Acupuncture Rewires your Brain: New Carpal Tunnel Research

 
Image by Khara Woods

Image by Khara Woods

 

By Alexandra Garcia

The verdict is in: acupuncture works.  

It’s been half a decade since the landmark 2012 study that definitively proved acupuncture works to treat pain.  This Sloan Kettering research included results from over 17,000 patients and established that acupuncture is not simply a placebo effect.
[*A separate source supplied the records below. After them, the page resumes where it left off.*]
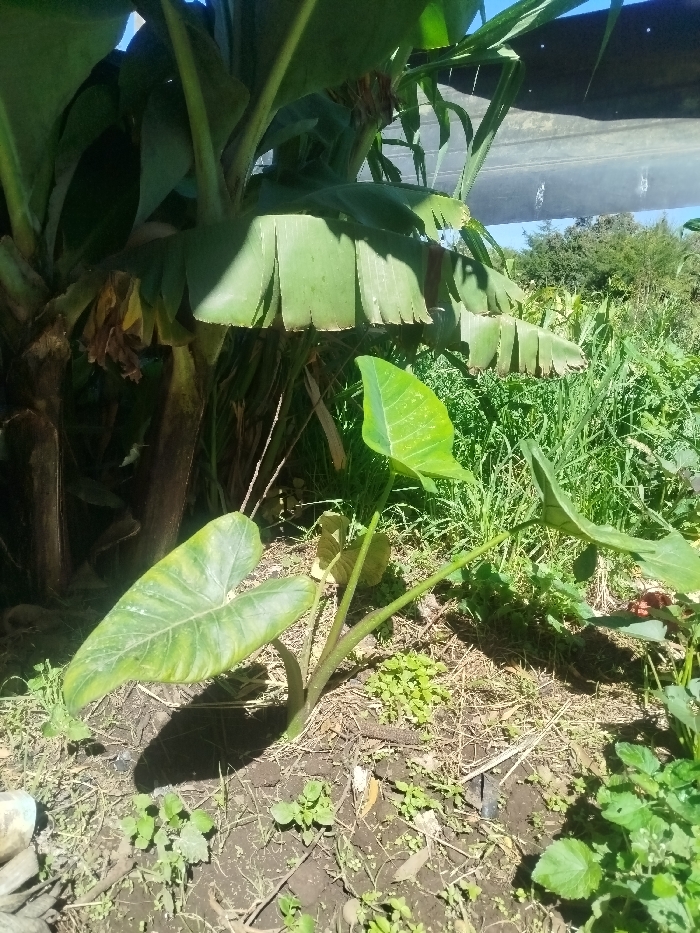 A banana tree stands prominently with large, green leaves. In front of it, taro plants thrive with broad, heart-shaped leaves. The ground around the plants is a mix of soil, small weeds, and grass. Sunlight streams through the canopy, creating patches of light and shadow on the ground. A metal structure is vaguely visible in the background.
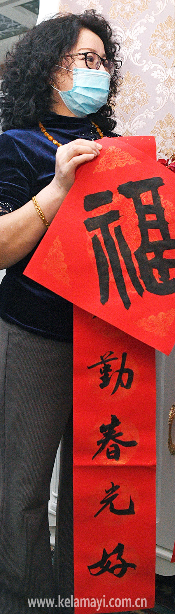 昨日,風(fēng)華社區(qū)居民阿孜古麗·阿不拉江收到了社區(qū)、駐社區(qū)“訪惠聚”工作隊(duì)送來(lái)的春聯(lián)和“福”字。本報(bào)全媒體首席記者 閔勇 攝
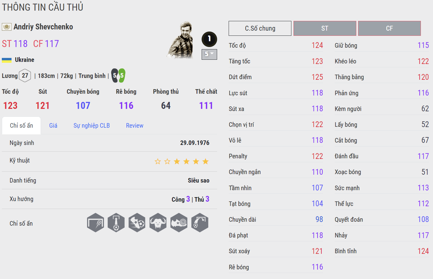 Shevchenko phiên bản ICON vẫn thể hiện sự vượt trội so với các mùa thẻ khác. Ở mùa thẻ này, Sheva gần như hoàn hảo với tốc độ, khả năng dứt điểm đa dạng bằng cả hai chân, kỹ năng chuyền bóng tốt, và thậm chí khả năng không chiến cũng đạt hiệu quả cao.
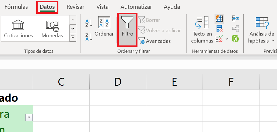 - Haz clic en “Filtro”, situado en la sección “Ordenar y filtrar”.
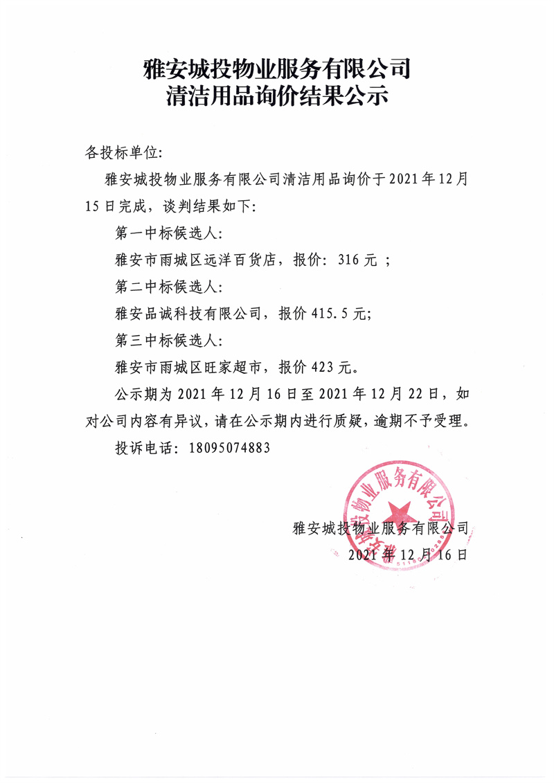 雅安城投物業(yè)服務(wù)有限公司清潔用品詢(xún)價(jià)結(jié)果公示
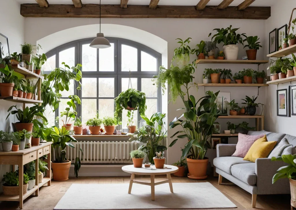 You can also incorporate natural materials like bamboo furniture, jute rugs, or wooden shelves to complement the greenery.
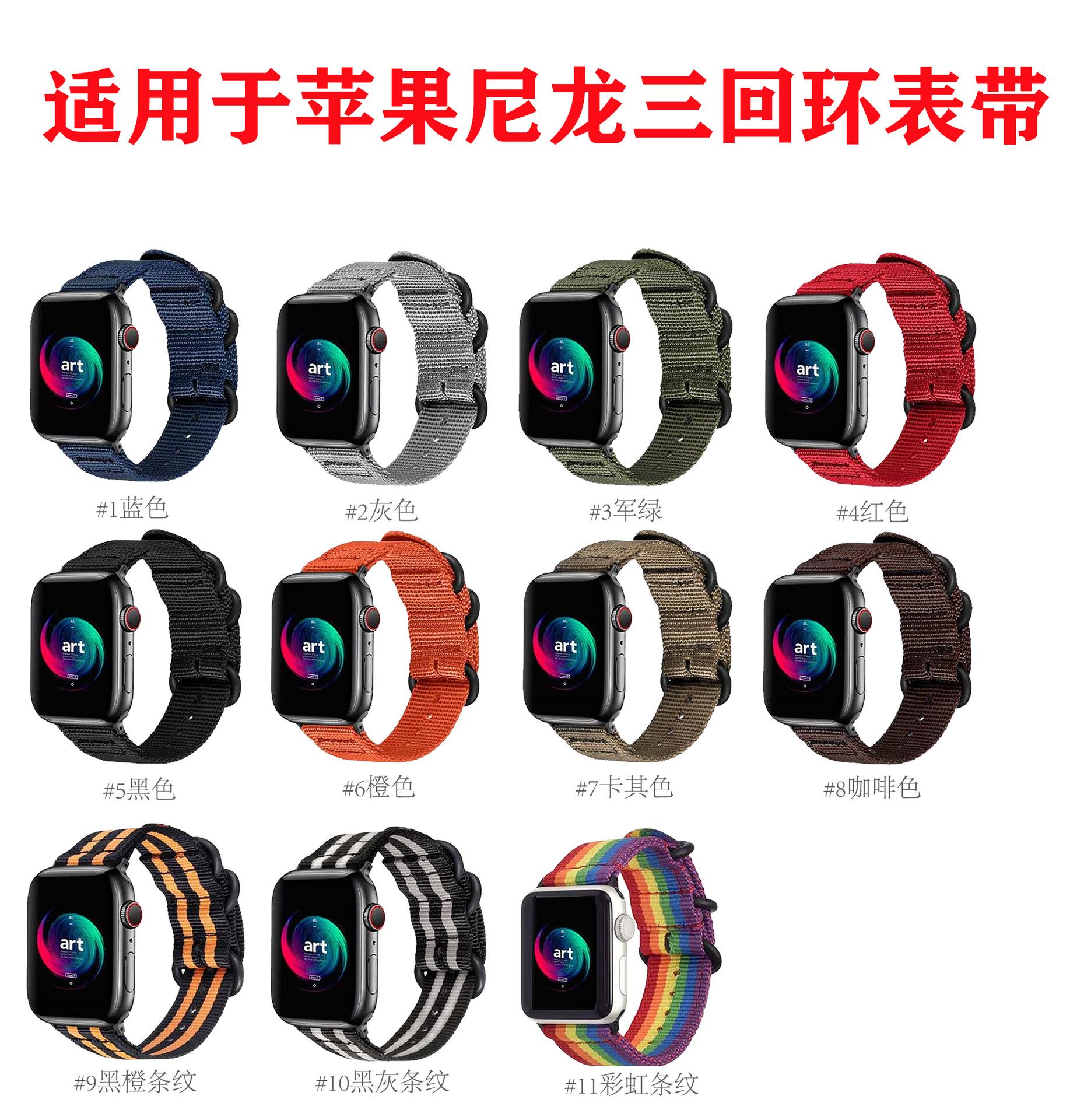 Adecuado para Correa de Nailon Apple SE Trenzada Transpirable Ligera Lona de Tres Anillos Correa Universal de Generación iwatch4567

The Joint Commission - the major accreditation body for hospitals - now includes acupuncture as a standard non-pharmacological care that can be used for pain management in hospitals.

Now that we’ve cleared up the basic “does it work?” question we can start talking about the really interesting stuff - because anyone who's up-to-date with the literature knows that acupuncture significantly impacts the body’s anatomy and physiology.

One of the coolest recent studies shows that acupuncture not only works at a local anatomical level, but that it actually causes the brain to rewrite its mental map of the body.  In this randomized control experiment, researchers looked at patients suffering from carpal tunnel syndrome. What they found was that acupuncture relieved the local pain symptoms in the wrist, and led the brain’s cortical map of the hand to change shape into a healthier looking version of the wrist.

When compared to fake, “sham,” acupuncture, real acupuncture literally reshaped the way the brain saw the wrist. These changes at the brain level were correlated with longer lasting positive effects from the real acupuncture treatments than the fake intervention.